4.3. Heifer Reproductive Status

This study has demonstrated for the first time that FGF21 is not divergent between prepubertal and postpubertal heifers nor across the phases of the estrous cycle of beef heifers. Our finding that the circulating concentration of FGF21 is not correlated with the circulating concentration of progesterone in beef heifers contradicts the findings of others [20] that observed a negative correlation between circulating FGF21 and progesterone in women. Another report [21] also supports these findings [20] indirectly by presenting that the activation of the hepatic estrogen receptor-α increases energy expenditure by stimulating the production of FGF21 in mice. The differences in findings between the aforementioned and current report are potentially attributed to differences in species, divergent regulatory mechanisms of action, or differences in lag time to observable change in circulatory FGF21 between models.

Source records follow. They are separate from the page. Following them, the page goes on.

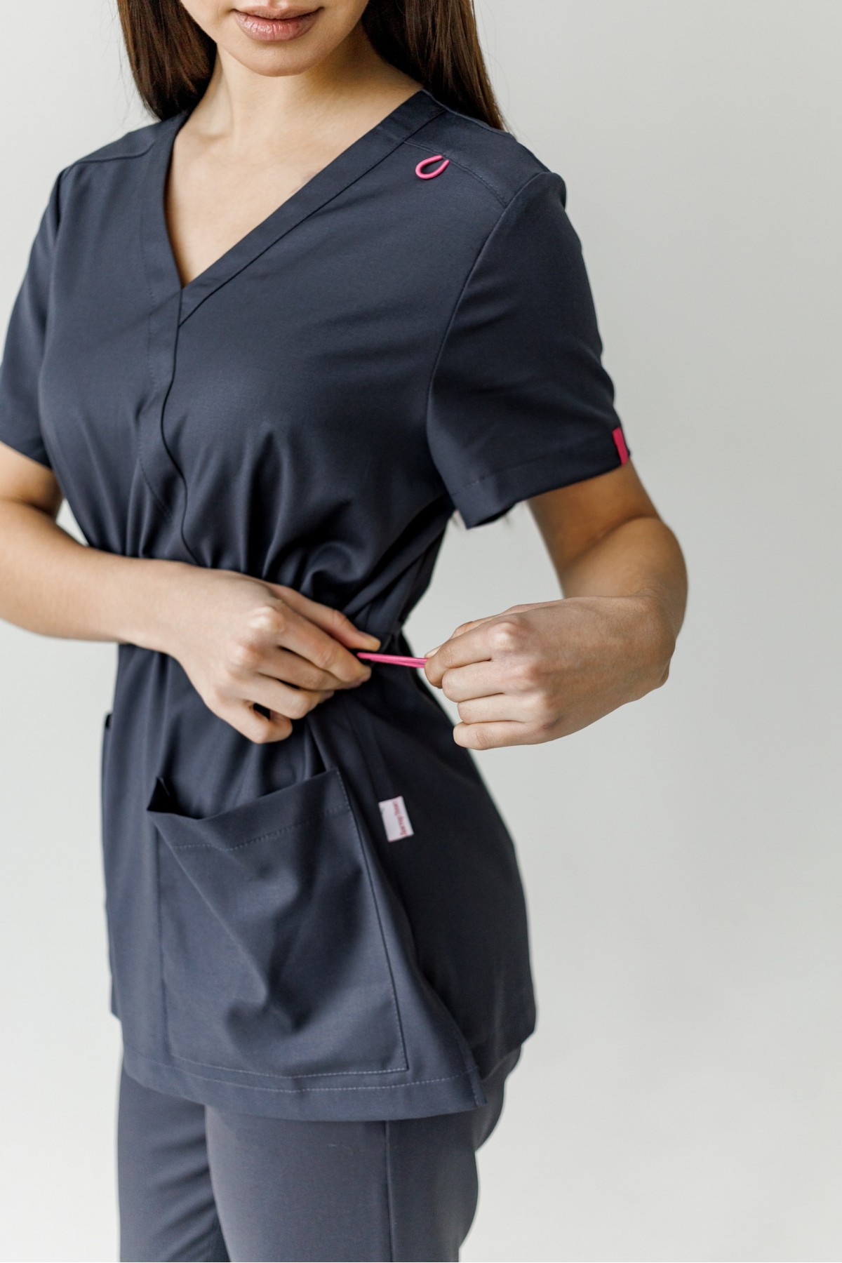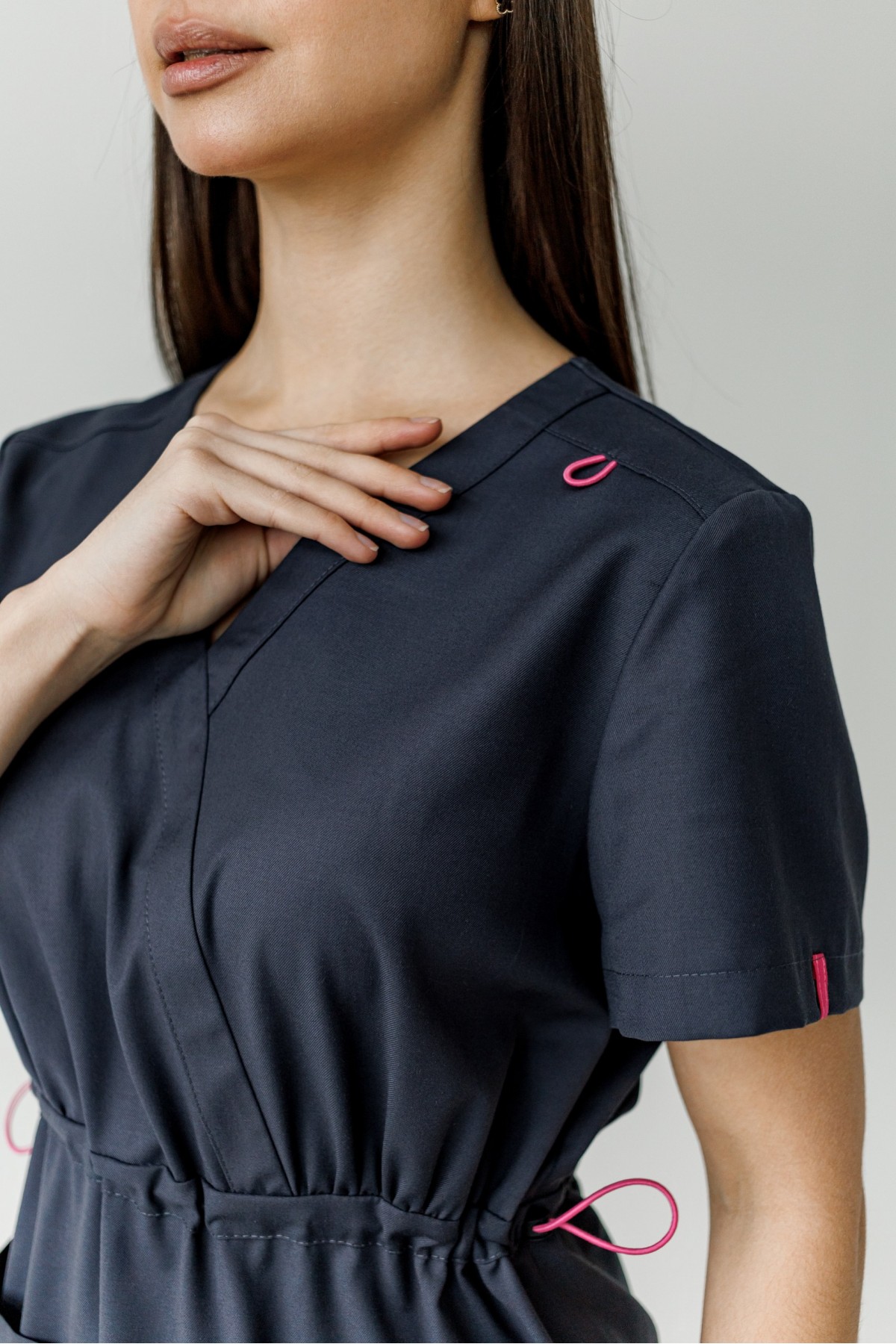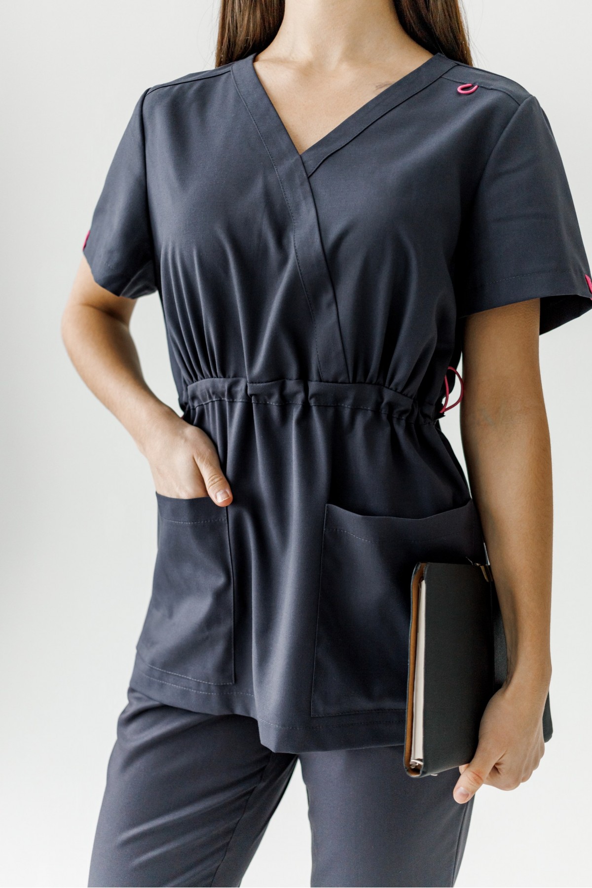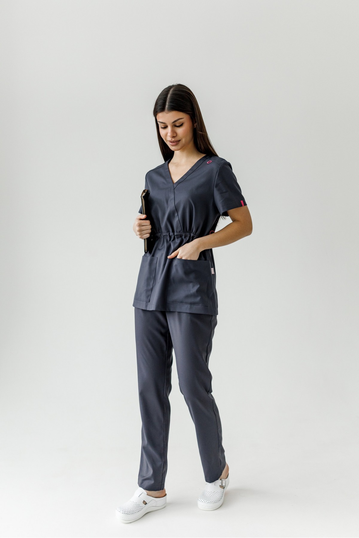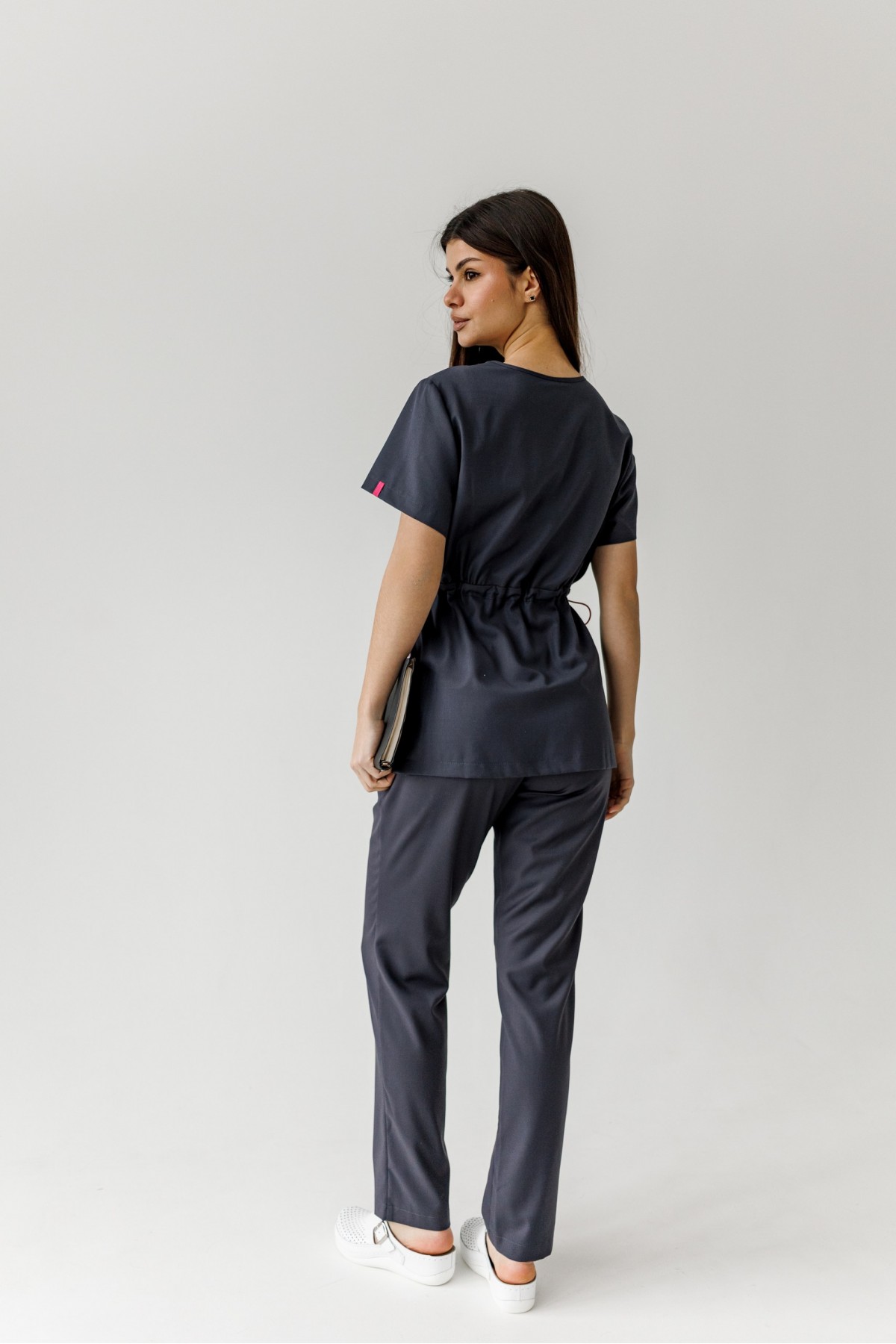 Блуза имеет V-образный вырез , короткий рукав, завышенная талия, которая регулируется резинкой с фиксатором ,имеет декоративные элементы на рукавах. Брюки прямого кроя с внутренними карманами.
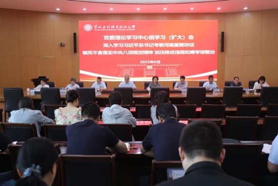 6月26日,我校在行政楼第五会议室召开党委理论学习中心组专题学习(扩大)会,深入学习贯彻习近平总书记考察河南时重要讲话精神,贯彻落实中央八项规定精神,加压推进违规吃喝专项整治。党委理论学习中心组全体成员、全校各部门主要负责人参加会议。会议由党委书记周保平主持。
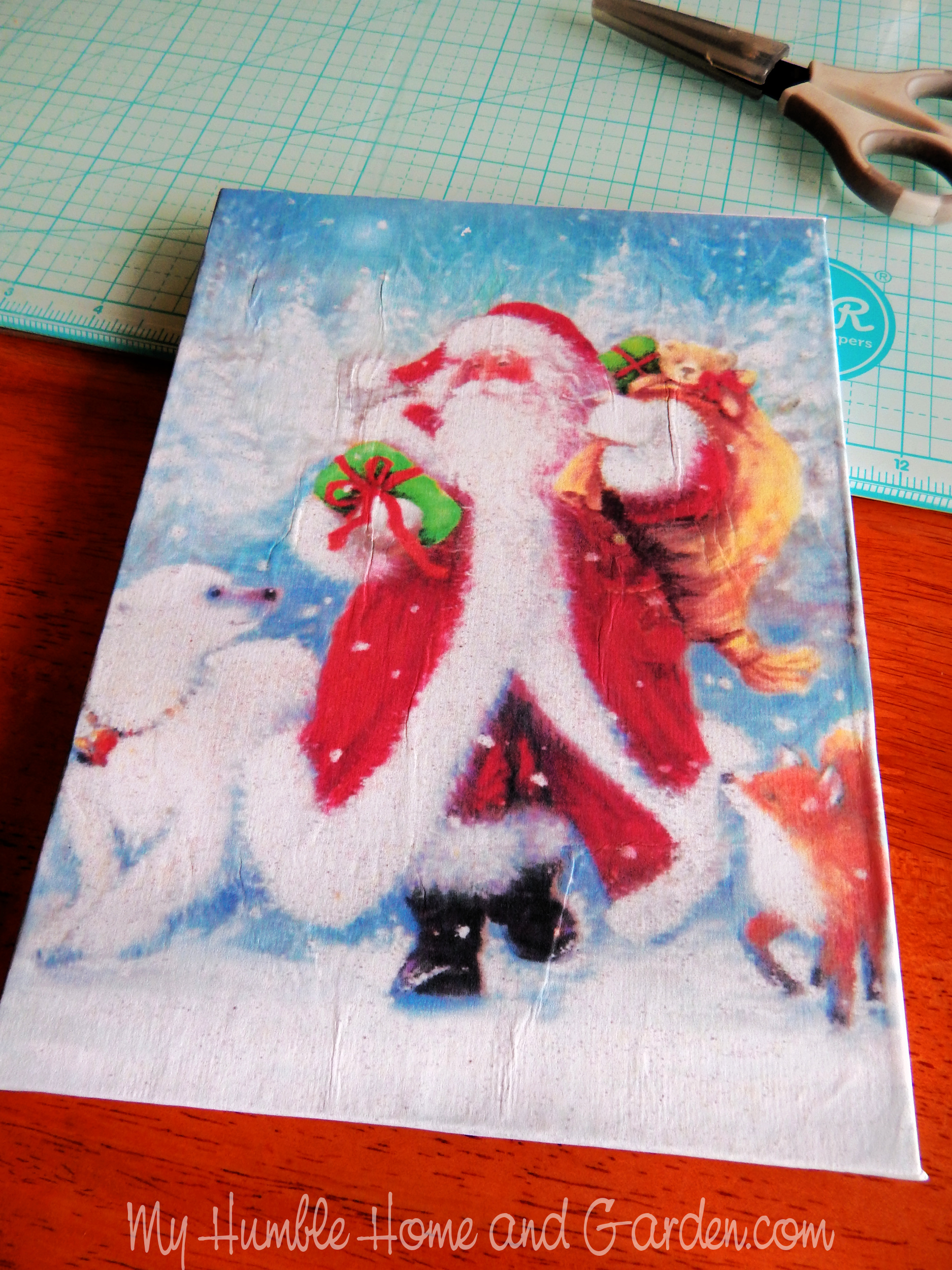 How to Make a Christmas Busted Canvas Easily – The print on canvas after the Mod Podge has dried. #bustedcanvas #explodingcanvas

4.4. Heifer Nutrient Utilization

The understanding of the role of FGF21 in the accretion of adiposity is incomplete, especially regarding subcutaneous fat stores. It has been demonstrated in an adult, male mouse model that FGF21 signaling directly to adipose tissue is required for the acute insulin-sensitizing effects of FGF21 and, therefore, the reduction in the rate of lipolysis [17]. However, BonDurant et al. [17] also demonstrated that the chronic effects of FGF21 on adipose tissue are not required for changes in energy expenditure or body weight. Kong et al. [22] have recently demonstrated that FGF21 reduces lipid accumulation in hepatocytes harvested from neonatal dairy calves. Moreover, it has been shown that FGF21 drives a decline in the accumulation of triglycerides in muscle of neonatal piglets [23], but measures of subcutaneous adiposity were not assessed in that report. Cumulatively, the aforementioned results support the current findings that FGF21 has the ability to alter body weight, but we are perplexed as to why we were unable to find a correlation between FGF21 and depth of subcutaneous fat over the ribs, given the findings from other species. Potentially, these differences are attributed to the role of FGF21 in subcutaneous fat versus that of intramuscular or hepatic adiposity.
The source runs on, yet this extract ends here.